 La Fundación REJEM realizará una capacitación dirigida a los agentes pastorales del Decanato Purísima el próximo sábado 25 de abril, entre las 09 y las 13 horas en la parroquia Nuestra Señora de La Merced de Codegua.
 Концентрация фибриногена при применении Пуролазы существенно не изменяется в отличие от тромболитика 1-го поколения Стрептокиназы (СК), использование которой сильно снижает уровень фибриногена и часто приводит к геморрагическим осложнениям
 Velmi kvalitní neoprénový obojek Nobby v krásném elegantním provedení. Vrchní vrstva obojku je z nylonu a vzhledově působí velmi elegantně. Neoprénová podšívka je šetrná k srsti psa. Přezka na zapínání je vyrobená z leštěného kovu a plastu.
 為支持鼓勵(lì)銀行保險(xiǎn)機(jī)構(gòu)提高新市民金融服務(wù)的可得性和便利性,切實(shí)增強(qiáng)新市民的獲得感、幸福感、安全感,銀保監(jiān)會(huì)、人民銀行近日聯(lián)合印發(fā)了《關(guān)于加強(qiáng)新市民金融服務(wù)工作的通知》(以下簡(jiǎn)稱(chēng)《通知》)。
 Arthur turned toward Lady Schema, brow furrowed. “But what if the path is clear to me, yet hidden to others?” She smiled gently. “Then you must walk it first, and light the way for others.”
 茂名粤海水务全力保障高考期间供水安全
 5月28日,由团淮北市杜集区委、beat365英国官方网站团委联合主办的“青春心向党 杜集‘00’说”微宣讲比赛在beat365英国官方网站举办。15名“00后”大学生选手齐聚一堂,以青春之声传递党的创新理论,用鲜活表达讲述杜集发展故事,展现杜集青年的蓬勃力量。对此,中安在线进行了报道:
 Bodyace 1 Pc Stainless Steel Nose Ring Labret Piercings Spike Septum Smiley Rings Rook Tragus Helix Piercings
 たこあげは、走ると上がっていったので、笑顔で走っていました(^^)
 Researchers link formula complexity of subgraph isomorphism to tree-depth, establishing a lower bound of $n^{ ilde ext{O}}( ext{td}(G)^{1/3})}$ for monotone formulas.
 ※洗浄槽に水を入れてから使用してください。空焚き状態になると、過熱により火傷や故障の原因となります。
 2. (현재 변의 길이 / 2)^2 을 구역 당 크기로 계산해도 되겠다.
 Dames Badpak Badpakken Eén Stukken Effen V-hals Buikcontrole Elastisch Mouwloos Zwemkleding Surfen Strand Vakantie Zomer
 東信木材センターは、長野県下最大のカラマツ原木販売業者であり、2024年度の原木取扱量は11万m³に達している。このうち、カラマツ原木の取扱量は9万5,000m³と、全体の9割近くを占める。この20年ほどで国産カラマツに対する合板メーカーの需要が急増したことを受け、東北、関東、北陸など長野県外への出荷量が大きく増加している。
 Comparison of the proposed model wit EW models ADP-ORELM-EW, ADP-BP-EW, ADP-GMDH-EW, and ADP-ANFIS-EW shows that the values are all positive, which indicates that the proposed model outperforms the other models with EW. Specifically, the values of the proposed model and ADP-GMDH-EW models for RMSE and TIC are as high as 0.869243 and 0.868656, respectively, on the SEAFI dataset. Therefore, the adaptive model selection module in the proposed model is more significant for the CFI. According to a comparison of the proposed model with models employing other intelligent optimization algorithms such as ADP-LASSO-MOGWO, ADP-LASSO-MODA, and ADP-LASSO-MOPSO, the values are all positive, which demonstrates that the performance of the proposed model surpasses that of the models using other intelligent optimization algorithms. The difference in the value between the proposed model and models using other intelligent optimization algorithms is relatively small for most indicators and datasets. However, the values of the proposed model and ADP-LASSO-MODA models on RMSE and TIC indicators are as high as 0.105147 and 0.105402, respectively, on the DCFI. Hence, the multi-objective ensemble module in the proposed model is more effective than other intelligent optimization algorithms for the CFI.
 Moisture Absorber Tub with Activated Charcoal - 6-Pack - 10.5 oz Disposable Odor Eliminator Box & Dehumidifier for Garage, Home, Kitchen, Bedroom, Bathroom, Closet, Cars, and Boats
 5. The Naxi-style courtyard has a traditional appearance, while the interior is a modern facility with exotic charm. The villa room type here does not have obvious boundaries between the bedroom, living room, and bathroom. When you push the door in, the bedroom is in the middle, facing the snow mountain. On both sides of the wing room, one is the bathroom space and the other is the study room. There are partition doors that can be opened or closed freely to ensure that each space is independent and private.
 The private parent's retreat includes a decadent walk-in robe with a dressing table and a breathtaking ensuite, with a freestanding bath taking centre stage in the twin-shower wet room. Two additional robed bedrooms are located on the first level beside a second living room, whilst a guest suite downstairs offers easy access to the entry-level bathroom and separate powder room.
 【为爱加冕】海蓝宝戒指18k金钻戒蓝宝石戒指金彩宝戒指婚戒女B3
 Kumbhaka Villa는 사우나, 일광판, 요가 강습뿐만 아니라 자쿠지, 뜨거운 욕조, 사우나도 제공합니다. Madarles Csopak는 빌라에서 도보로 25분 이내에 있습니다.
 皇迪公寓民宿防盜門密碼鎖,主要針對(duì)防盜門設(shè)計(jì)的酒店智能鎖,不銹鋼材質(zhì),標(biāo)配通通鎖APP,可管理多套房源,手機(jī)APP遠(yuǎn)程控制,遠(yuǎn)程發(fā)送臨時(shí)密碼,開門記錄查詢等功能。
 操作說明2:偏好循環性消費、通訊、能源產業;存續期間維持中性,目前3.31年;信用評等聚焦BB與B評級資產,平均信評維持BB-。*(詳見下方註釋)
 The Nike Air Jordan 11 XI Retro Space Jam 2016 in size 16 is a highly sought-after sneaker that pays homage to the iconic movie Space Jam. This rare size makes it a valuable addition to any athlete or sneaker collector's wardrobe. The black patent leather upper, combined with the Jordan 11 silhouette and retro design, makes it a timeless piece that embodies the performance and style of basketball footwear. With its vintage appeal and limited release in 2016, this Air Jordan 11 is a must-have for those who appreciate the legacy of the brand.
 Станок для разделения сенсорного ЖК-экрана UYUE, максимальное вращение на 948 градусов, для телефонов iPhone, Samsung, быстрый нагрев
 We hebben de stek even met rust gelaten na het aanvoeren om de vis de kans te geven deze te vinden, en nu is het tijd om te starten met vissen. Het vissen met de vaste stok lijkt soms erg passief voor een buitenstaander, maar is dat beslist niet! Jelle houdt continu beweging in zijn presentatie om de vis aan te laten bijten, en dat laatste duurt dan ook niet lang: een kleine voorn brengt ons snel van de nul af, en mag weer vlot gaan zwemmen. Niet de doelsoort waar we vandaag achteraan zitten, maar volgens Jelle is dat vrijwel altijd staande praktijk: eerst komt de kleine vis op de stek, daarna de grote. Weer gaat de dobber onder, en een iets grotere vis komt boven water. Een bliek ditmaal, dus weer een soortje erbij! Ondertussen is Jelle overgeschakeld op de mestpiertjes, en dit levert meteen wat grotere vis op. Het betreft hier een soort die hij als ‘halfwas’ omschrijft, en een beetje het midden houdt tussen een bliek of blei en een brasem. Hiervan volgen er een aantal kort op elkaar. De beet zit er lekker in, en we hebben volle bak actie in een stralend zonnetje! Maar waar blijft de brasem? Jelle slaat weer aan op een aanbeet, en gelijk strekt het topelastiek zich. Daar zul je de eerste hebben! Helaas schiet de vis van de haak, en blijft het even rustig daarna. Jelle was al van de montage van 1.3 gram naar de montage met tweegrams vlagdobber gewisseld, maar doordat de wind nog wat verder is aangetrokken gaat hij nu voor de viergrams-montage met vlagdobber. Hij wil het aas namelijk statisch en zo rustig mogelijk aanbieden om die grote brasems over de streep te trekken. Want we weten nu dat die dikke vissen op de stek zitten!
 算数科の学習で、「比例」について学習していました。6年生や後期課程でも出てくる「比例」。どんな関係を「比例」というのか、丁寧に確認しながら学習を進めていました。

_EXERCISE PROMPT_: Your reply must be a faithful copy of each entry above.

_RESULT OF THIS TASK_:
 La Fundación REJEM realizará una capacitación dirigida a los agentes pastorales del Decanato Purísima el próximo sábado 25 de abril, entre las 09 y las 13 horas en la parroquia Nuestra Señora de La Merced de Codegua.
 Концентрация фибриногена при применении Пуролазы существенно не изменяется в отличие от тромболитика 1-го поколения Стрептокиназы (СК), использование которой сильно снижает уровень фибриногена и часто приводит к геморрагическим осложнениям
 Velmi kvalitní neoprénový obojek Nobby v krásném elegantním provedení. Vrchní vrstva obojku je z nylonu a vzhledově působí velmi elegantně. Neoprénová podšívka je šetrná k srsti psa. Přezka na zapínání je vyrobená z leštěného kovu a plastu.
 為支持鼓勵(lì)銀行保險(xiǎn)機(jī)構(gòu)提高新市民金融服務(wù)的可得性和便利性,切實(shí)增強(qiáng)新市民的獲得感、幸福感、安全感,銀保監(jiān)會(huì)、人民銀行近日聯(lián)合印發(fā)了《關(guān)于加強(qiáng)新市民金融服務(wù)工作的通知》(以下簡(jiǎn)稱(chēng)《通知》)。
 Arthur turned toward Lady Schema, brow furrowed. “But what if the path is clear to me, yet hidden to others?” She smiled gently. “Then you must walk it first, and light the way for others.”
 茂名粤海水务全力保障高考期间供水安全
 5月28日,由团淮北市杜集区委、beat365英国官方网站团委联合主办的“青春心向党 杜集‘00’说”微宣讲比赛在beat365英国官方网站举办。15名“00后”大学生选手齐聚一堂,以青春之声传递党的创新理论,用鲜活表达讲述杜集发展故事,展现杜集青年的蓬勃力量。对此,中安在线进行了报道:
 Bodyace 1 Pc Stainless Steel Nose Ring Labret Piercings Spike Septum Smiley Rings Rook Tragus Helix Piercings
 たこあげは、走ると上がっていったので、笑顔で走っていました(^^)
 Researchers link formula complexity of subgraph isomorphism to tree-depth, establishing a lower bound of $n^{ ilde ext{O}}( ext{td}(G)^{1/3})}$ for monotone formulas.
 ※洗浄槽に水を入れてから使用してください。空焚き状態になると、過熱により火傷や故障の原因となります。
 2. (현재 변의 길이 / 2)^2 을 구역 당 크기로 계산해도 되겠다.
 Dames Badpak Badpakken Eén Stukken Effen V-hals Buikcontrole Elastisch Mouwloos Zwemkleding Surfen Strand Vakantie Zomer
 東信木材センターは、長野県下最大のカラマツ原木販売業者であり、2024年度の原木取扱量は11万m³に達している。このうち、カラマツ原木の取扱量は9万5,000m³と、全体の9割近くを占める。この20年ほどで国産カラマツに対する合板メーカーの需要が急増したことを受け、東北、関東、北陸など長野県外への出荷量が大きく増加している。
 Comparison of the proposed model wit EW models ADP-ORELM-EW, ADP-BP-EW, ADP-GMDH-EW, and ADP-ANFIS-EW shows that the values are all positive, which indicates that the proposed model outperforms the other models with EW. Specifically, the values of the proposed model and ADP-GMDH-EW models for RMSE and TIC are as high as 0.869243 and 0.868656, respectively, on the SEAFI dataset. Therefore, the adaptive model selection module in the proposed model is more significant for the CFI. According to a comparison of the proposed model with models employing other intelligent optimization algorithms such as ADP-LASSO-MOGWO, ADP-LASSO-MODA, and ADP-LASSO-MOPSO, the values are all positive, which demonstrates that the performance of the proposed model surpasses that of the models using other intelligent optimization algorithms. The difference in the value between the proposed model and models using other intelligent optimization algorithms is relatively small for most indicators and datasets. However, the values of the proposed model and ADP-LASSO-MODA models on RMSE and TIC indicators are as high as 0.105147 and 0.105402, respectively, on the DCFI. Hence, the multi-objective ensemble module in the proposed model is more effective than other intelligent optimization algorithms for the CFI.
 Moisture Absorber Tub with Activated Charcoal - 6-Pack - 10.5 oz Disposable Odor Eliminator Box & Dehumidifier for Garage, Home, Kitchen, Bedroom, Bathroom, Closet, Cars, and Boats
 5. The Naxi-style courtyard has a traditional appearance, while the interior is a modern facility with exotic charm. The villa room type here does not have obvious boundaries between the bedroom, living room, and bathroom. When you push the door in, the bedroom is in the middle, facing the snow mountain. On both sides of the wing room, one is the bathroom space and the other is the study room. There are partition doors that can be opened or closed freely to ensure that each space is independent and private.
 The private parent's retreat includes a decadent walk-in robe with a dressing table and a breathtaking ensuite, with a freestanding bath taking centre stage in the twin-shower wet room. Two additional robed bedrooms are located on the first level beside a second living room, whilst a guest suite downstairs offers easy access to the entry-level bathroom and separate powder room.
 【为爱加冕】海蓝宝戒指18k金钻戒蓝宝石戒指金彩宝戒指婚戒女B3
 Kumbhaka Villa는 사우나, 일광판, 요가 강습뿐만 아니라 자쿠지, 뜨거운 욕조, 사우나도 제공합니다. Madarles Csopak는 빌라에서 도보로 25분 이내에 있습니다.
 皇迪公寓民宿防盜門密碼鎖,主要針對(duì)防盜門設(shè)計(jì)的酒店智能鎖,不銹鋼材質(zhì),標(biāo)配通通鎖APP,可管理多套房源,手機(jī)APP遠(yuǎn)程控制,遠(yuǎn)程發(fā)送臨時(shí)密碼,開門記錄查詢等功能。
 操作說明2:偏好循環性消費、通訊、能源產業;存續期間維持中性,目前3.31年;信用評等聚焦BB與B評級資產,平均信評維持BB-。*(詳見下方註釋)
 The Nike Air Jordan 11 XI Retro Space Jam 2016 in size 16 is a highly sought-after sneaker that pays homage to the iconic movie Space Jam. This rare size makes it a valuable addition to any athlete or sneaker collector's wardrobe. The black patent leather upper, combined with the Jordan 11 silhouette and retro design, makes it a timeless piece that embodies the performance and style of basketball footwear. With its vintage appeal and limited release in 2016, this Air Jordan 11 is a must-have for those who appreciate the legacy of the brand.
 Станок для разделения сенсорного ЖК-экрана UYUE, максимальное вращение на 948 градусов, для телефонов iPhone, Samsung, быстрый нагрев
 We hebben de stek even met rust gelaten na het aanvoeren om de vis de kans te geven deze te vinden, en nu is het tijd om te starten met vissen. Het vissen met de vaste stok lijkt soms erg passief voor een buitenstaander, maar is dat beslist niet! Jelle houdt continu beweging in zijn presentatie om de vis aan te laten bijten, en dat laatste duurt dan ook niet lang: een kleine voorn brengt ons snel van de nul af, en mag weer vlot gaan zwemmen. Niet de doelsoort waar we vandaag achteraan zitten, maar volgens Jelle is dat vrijwel altijd staande praktijk: eerst komt de kleine vis op de stek, daarna de grote. Weer gaat de dobber onder, en een iets grotere vis komt boven water. Een bliek ditmaal, dus weer een soortje erbij! Ondertussen is Jelle overgeschakeld op de mestpiertjes, en dit levert meteen wat grotere vis op. Het betreft hier een soort die hij als ‘halfwas’ omschrijft, en een beetje het midden houdt tussen een bliek of blei en een brasem. Hiervan volgen er een aantal kort op elkaar. De beet zit er lekker in, en we hebben volle bak actie in een stralend zonnetje! Maar waar blijft de brasem? Jelle slaat weer aan op een aanbeet, en gelijk strekt het topelastiek zich. Daar zul je de eerste hebben! Helaas schiet de vis van de haak, en blijft het even rustig daarna. Jelle was al van de montage van 1.3 gram naar de montage met tweegrams vlagdobber gewisseld, maar doordat de wind nog wat verder is aangetrokken gaat hij nu voor de viergrams-montage met vlagdobber. Hij wil het aas namelijk statisch en zo rustig mogelijk aanbieden om die grote brasems over de streep te trekken. Want we weten nu dat die dikke vissen op de stek zitten!
 算数科の学習で、「比例」について学習していました。6年生や後期課程でも出てくる「比例」。どんな関係を「比例」というのか、丁寧に確認しながら学習を進めていました。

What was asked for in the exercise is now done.